Приведенные выше данные характеризуют клинические воззрения Кандинского на ряд важнейших психических заболеваний. Но о Кандинском как клиницисте позволяют судить также некоторые его высказывания по отдельным психопатологическим состояниям. Например, им очень ярко описаны состояния экстаза, астенические состояния и др. Упомянем также об описании им различных вариантов психомоторного возбуждения, которое так часто наблюдается в психиатрической клинике.

Оно интересно в плане того, как понимал Кандинский отношения между синдромами и клинико-нозологическими формами. Наблюдая одного испытуемого, который симулировал психоз в форме психомоторного возбуждения, Кандинский в своем экспертном акте, противопоставил этому симулятивному возбуждению описание «шести различных состояний психического беспокойства», действительно наблюдающихся в психиатрической клинике.

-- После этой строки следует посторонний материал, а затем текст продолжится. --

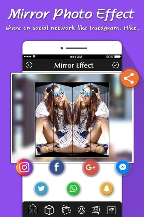 मिरर फोटो प्रभाव एप्लिकेशन का उपयोग करने के लिए एक आसान और सशक्त फ़ोटो संपादक और फोटो कोलाज है! बेतरतीब ढंग से, दर्पण प्रभाव लागू फ़िल्टर कर प्रभाव और अद्भुत तस्वीरें बनाएँ।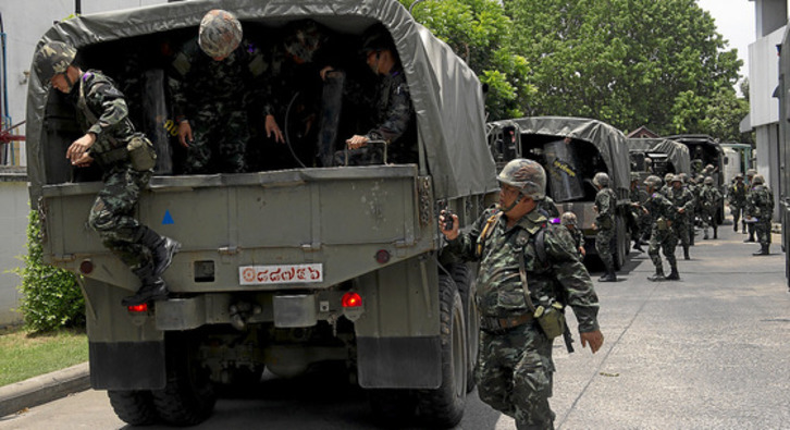 La Constitución tailandesa permite al Ejército declarar la ley marcial, que otorga a los militares el control de la seguridad sobre todo el territorio. Algunos analistas creen que su utilización es «una forma cuidadosamente pensada de mantenerse en la legalidad colocando a Tailandia bajo control militar» y otros aseguran que el Ejército «no irá más allá».

Кандинский исходил в основном из признания относительной клинико-нозологической специфичности синдромов, той концепции, которая разделяется в настоящее время большинством ведущих советских психиатров. Каждому выделяемому им виду «беспокойства» он дает клинико-нозологическую характеристику. Кандинский различал в рамках циркулярного психоза: «беспокойство меланхолическое» и «беспокойство маниакальное»; во время других заболеваний — «беспокойство при острой форме первично-бредового психоза», «состояние возбуждения эпилептического свойства», «беспокойство при вторичном безумии (dementia secundaria)»; «состояние возбуждения при разных органических поражениях головного мозга».

Как видно из приведенных вариантов синдромов возбуждения у психически больных каждый из них (исключение составляют беспокойства при вторичном безумии) выделены с учетом того, как нозология «накладывает свою печать» на него.

Вопросы терапии психозов не получили специального освещения в трудах Кандинского, да и арсенал терапевтических средств был в то время ограничен. Но во многих историях болезни, приводимых Кандинским в его работах, он всегда уделял большое внимание терапии. Короткой, но эмоциональной рецензией он откликнулся также на книжку П. И. Ковалевского «Руководство к правильному уходу за душевнобольными». Свою рецензию Кандинский кончает словами: «Книга проникнута искренностью и гуманным отношением к страждующему человечеству». Эти слова мы по праву можем отнести и к самому Кандинскому, вся клиническая психиатрическая деятельность которого была также проникнута высоким гуманизмом.

Все вышесказанное позволяет нам сделать следующее краткое резюме о Кандинском как о клиницисте.

Кандинский, несомненно, являлся одним из основоположников клинико-нозологического направления в психиатрии. Он был автором первой отечественной классификации психических расстройств, в которой клинико-нозологический принцип получил определенное отражение.

Кандинский впервые в истории психиатрии выделил под названием идеофрении самостоятельное психическое заболевание, почти идентичное современной шизофрении, и дал непревзойденное описание психопатологии его бредовой формы.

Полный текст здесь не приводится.